(Data excerpts)

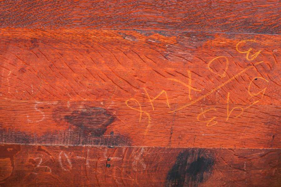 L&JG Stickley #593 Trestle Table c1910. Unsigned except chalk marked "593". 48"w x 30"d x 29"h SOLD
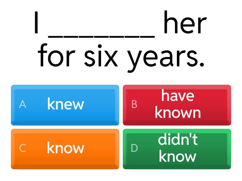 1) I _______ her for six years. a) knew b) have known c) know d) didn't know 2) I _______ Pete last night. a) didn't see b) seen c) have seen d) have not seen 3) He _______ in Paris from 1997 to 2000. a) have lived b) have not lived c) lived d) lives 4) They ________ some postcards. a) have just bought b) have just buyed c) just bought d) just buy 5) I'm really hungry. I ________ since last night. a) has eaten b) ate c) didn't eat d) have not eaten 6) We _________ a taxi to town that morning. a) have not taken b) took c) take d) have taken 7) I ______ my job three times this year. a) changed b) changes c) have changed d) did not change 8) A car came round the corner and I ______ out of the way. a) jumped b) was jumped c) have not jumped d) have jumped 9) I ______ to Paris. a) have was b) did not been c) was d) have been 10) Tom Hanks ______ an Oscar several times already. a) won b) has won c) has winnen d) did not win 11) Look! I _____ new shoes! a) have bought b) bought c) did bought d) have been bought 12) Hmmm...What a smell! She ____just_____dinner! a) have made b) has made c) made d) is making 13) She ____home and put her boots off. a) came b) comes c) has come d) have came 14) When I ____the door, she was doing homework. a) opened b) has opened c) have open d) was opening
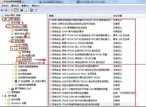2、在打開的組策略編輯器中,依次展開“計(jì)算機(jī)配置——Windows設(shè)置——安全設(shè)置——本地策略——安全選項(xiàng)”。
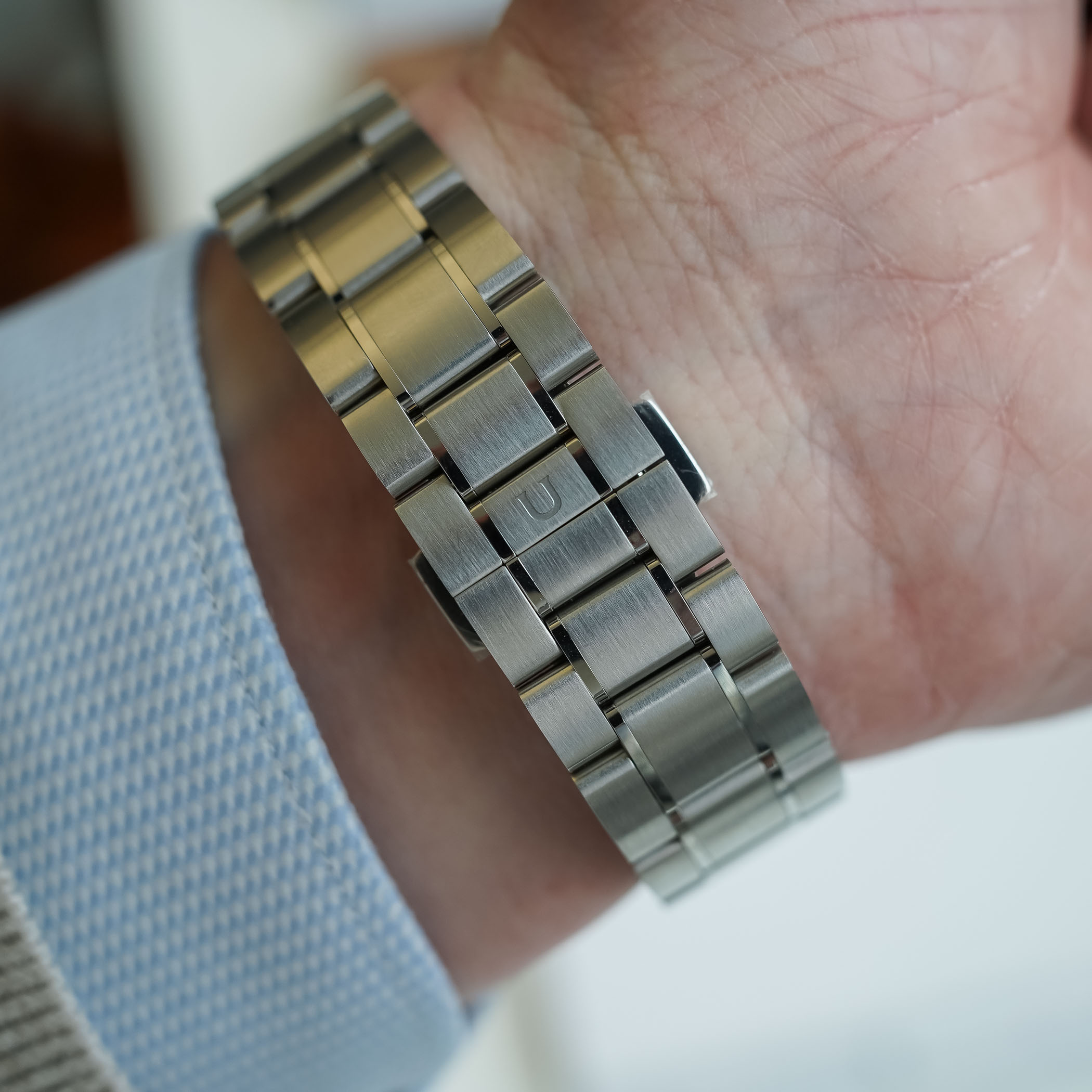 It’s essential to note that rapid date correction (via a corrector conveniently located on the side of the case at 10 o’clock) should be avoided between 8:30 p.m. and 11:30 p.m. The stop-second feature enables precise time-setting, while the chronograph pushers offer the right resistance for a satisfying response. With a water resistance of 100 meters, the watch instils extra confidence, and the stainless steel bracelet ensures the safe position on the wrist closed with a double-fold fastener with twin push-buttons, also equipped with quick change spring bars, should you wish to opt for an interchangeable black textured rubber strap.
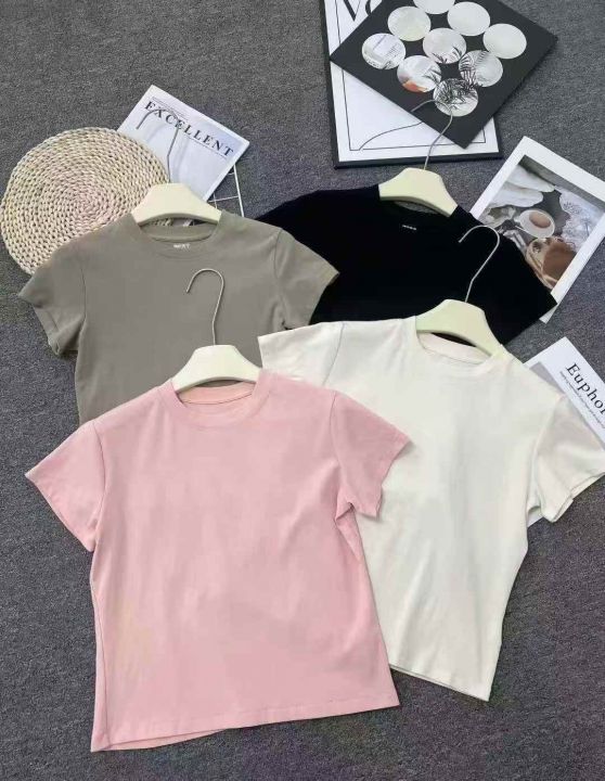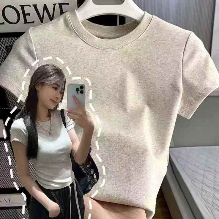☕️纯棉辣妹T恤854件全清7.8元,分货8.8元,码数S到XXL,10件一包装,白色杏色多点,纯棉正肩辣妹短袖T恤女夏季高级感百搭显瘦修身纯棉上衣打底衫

Work instructions
Please retype every record exactly, leaving the pictures out.

Answer space
 L&JG Stickley #593 Trestle Table c1910. Unsigned except chalk marked "593". 48"w x 30"d x 29"h SOLD
 1) I _______ her for six years. a) knew b) have known c) know d) didn't know 2) I _______ Pete last night. a) didn't see b) seen c) have seen d) have not seen 3) He _______ in Paris from 1997 to 2000. a) have lived b) have not lived c) lived d) lives 4) They ________ some postcards. a) have just bought b) have just buyed c) just bought d) just buy 5) I'm really hungry. I ________ since last night. a) has eaten b) ate c) didn't eat d) have not eaten 6) We _________ a taxi to town that morning. a) have not taken b) took c) take d) have taken 7) I ______ my job three times this year. a) changed b) changes c) have changed d) did not change 8) A car came round the corner and I ______ out of the way. a) jumped b) was jumped c) have not jumped d) have jumped 9) I ______ to Paris. a) have was b) did not been c) was d) have been 10) Tom Hanks ______ an Oscar several times already. a) won b) has won c) has winnen d) did not win 11) Look! I _____ new shoes! a) have bought b) bought c) did bought d) have been bought 12) Hmmm...What a smell! She ____just_____dinner! a) have made b) has made c) made d) is making 13) She ____home and put her boots off. a) came b) comes c) has come d) have came 14) When I ____the door, she was doing homework. a) opened b) has opened c) have open d) was opening
2、在打開的組策略編輯器中,依次展開“計(jì)算機(jī)配置——Windows設(shè)置——安全設(shè)置——本地策略——安全選項(xiàng)”。
 It’s essential to note that rapid date correction (via a corrector conveniently located on the side of the case at 10 o’clock) should be avoided between 8:30 p.m. and 11:30 p.m. The stop-second feature enables precise time-setting, while the chronograph pushers offer the right resistance for a satisfying response. With a water resistance of 100 meters, the watch instils extra confidence, and the stainless steel bracelet ensures the safe position on the wrist closed with a double-fold fastener with twin push-buttons, also equipped with quick change spring bars, should you wish to opt for an interchangeable black textured rubber strap.
☕️纯棉辣妹T恤854件全清7.8元,分货8.8元,码数S到XXL,10件一包装,白色杏色多点,纯棉正肩辣妹短袖T恤女夏季高级感百搭显瘦修身纯棉上衣打底衫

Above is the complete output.